Method 2 - Suction Tool

  1. While looking at a mirror in front of you, hold your bottom lid open.
  2. Using the suction tool, remove the lens by tilting the lens up and out of the eye.

How To Care for Your Scleral Lenses

We are here to help you.  If you need help, call us and we will walk you through it.  In our office, we always have patients do this 3 times so you can learn how to do this and you have the confidence that you will be able to do this at home.

Never use tap water in any area of lens care, whether to rinse or fill your lens case. Tap water contains a multitude of dangerous microorganisms, including acanthamoeba, that can cause a severe, painful, and sight-threatening infection. Dry your hands, preferably with a lint-free towel, before handling your lenses.

Remove Before Going to Sleep

Most people can comfortably wear scleral contact lenses for up to 12-14 hours at a time. Remove your lenses about an hour before going to sleep.  If your lenses fog up in the middle of the day, it’s best to remove them and try various methods to clear up the fogginess before reinserting.  You can also use lens rewetting drops.

Use a Peroxide Cleaner

We recommend that you use your index finger to clean both sides of the lens  Do that for about 20 seconds on either side.  Then disinfect your lenses using a hydrogen peroxide system that is specific for contact lenses.  Leave them in the peroxide for 6 hours.  The catalyst in the case changes the hydrogen peroxide into water and oxygen gas.

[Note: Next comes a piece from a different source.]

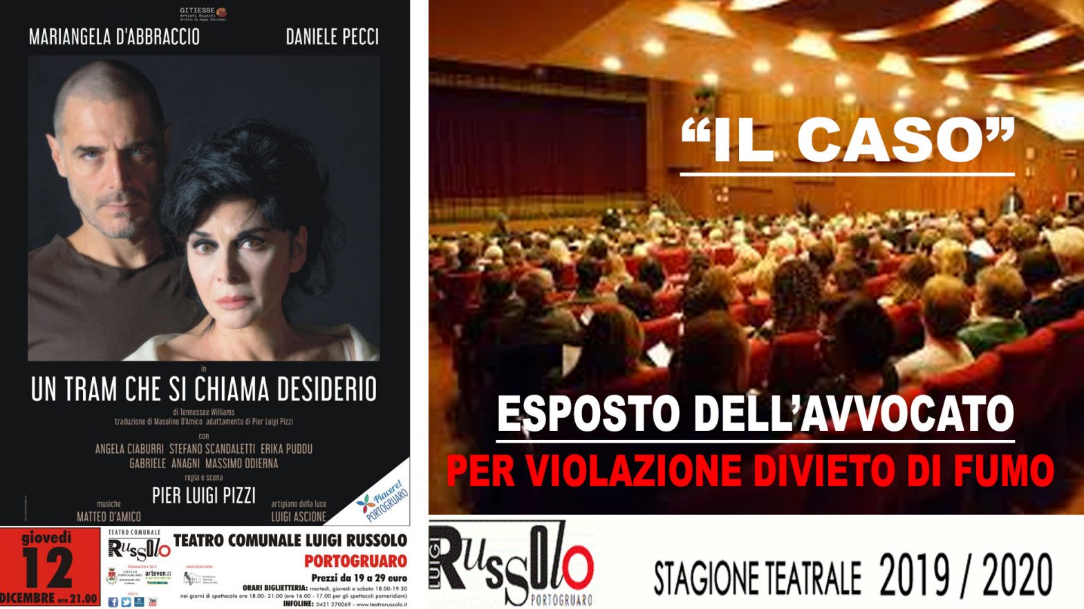 Non sono fumatrice e ritengo di avere il pieno diritto e la piena libertà di scegliere se subire o meno fumo passivo, che non solo è sgradevole ma è risaputamente cancerogeno. Come noto, l’art. 51 della Legge 16 gennaio 2003, n. 3 rubricato “Tutela della salute dei non fumatori” definisce le misure che servono a eliminare l’esposizione al fumo passivo nei luoghi di lavoro e locali pubblici chiusi. La Legge ha esteso il divieto di fumo a tutti i locali chiusi, pubblici e privati, stabilendo il principio che non fumare, nei locali chiusi, è la regola. Fumare, nei locali chiusi, è l’eccezione: oltre che nelle residenze private, si può fumare unicamente in locali riservati ai fumatori. Questi ultimi devono essere dotati di impianti per la ventilazione ed il ricambio di aria, regolarmente funzionanti, aventi le caratteristiche tecniche fissate con Decreto del Presidente del Consiglio dei Ministri del 23 dicembre 2003. Non mi risulta prevista una deroga al divieto di fumo nei teatri. E non è la prima volta che al Teatro Russolo gli attori fumano in scena. È successo, per esempio, durante la scorsa stagione di prosa, in occasione dello spettacolo “Dieci piccoli indiani, e poi non rimase nessuno”. Ma non soltanto.

If you put the lenses in before they have been in solution for 6 hours, they will sting or burn because the peroxide has not yet turned into water.  Wash he case with warm water and let it air dry.

Routinely Clean and Replace Your Lens Case

it is a good idea to replace your lens case every 3 months to prevent infection due to bacterial contamination.

Clean the storage case every day.

Replace your lenses every year.  Usually about that time, there is buildup on the lens, even with the best cleaning.  At about that time, then lenses start to become warped.  Sometimes, when we go longer than a year, problems ensue.

At Family Eye Care, we can recommend the best wearing schedule for your contact lenses to ensure the highest level of comfort and visual acuity.  Call us to schedule an eye exam and a scleral lens fitting today.

Family Eye Care serves patients from Old Bridge, East Brunswick, Woodbridge, and Edison, all throughout New Jersey.

Q&A

 

Q: Why do I need to use preservative-free solutions to fill the lens?

  • A: Long-term exposure to preservatives can cause corneal toxicity or sensitivity that results in irritation and redness.

Q: How long do my application and removal plungers last?

  • A: Plungers should be replaced every 3 months, or sooner if necessary.